**Raw data**
▼

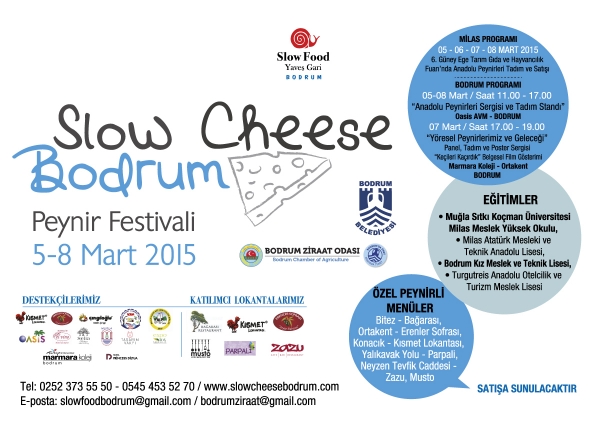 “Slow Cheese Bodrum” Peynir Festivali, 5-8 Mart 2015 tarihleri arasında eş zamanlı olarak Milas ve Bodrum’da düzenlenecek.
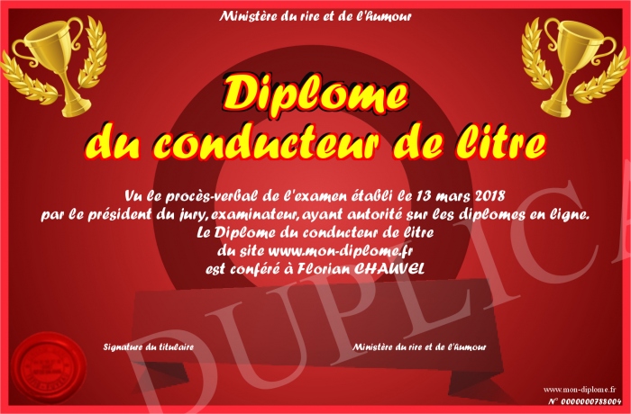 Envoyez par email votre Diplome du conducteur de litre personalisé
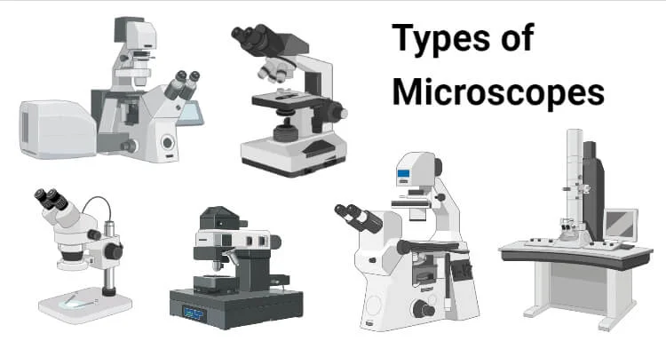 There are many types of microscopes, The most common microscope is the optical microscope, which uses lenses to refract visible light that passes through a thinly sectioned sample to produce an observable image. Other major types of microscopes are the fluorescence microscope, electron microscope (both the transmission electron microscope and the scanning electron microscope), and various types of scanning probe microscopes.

▲

**Your instructions**
Skip every picture and transcribe the data above exactly.

**Completed task**
 “Slow Cheese Bodrum” Peynir Festivali, 5-8 Mart 2015 tarihleri arasında eş zamanlı olarak Milas ve Bodrum’da düzenlenecek.
 Envoyez par email votre Diplome du conducteur de litre personalisé
 There are many types of microscopes, The most common microscope is the optical microscope, which uses lenses to refract visible light that passes through a thinly sectioned sample to produce an observable image. Other major types of microscopes are the fluorescence microscope, electron microscope (both the transmission electron microscope and the scanning electron microscope), and various types of scanning probe microscopes.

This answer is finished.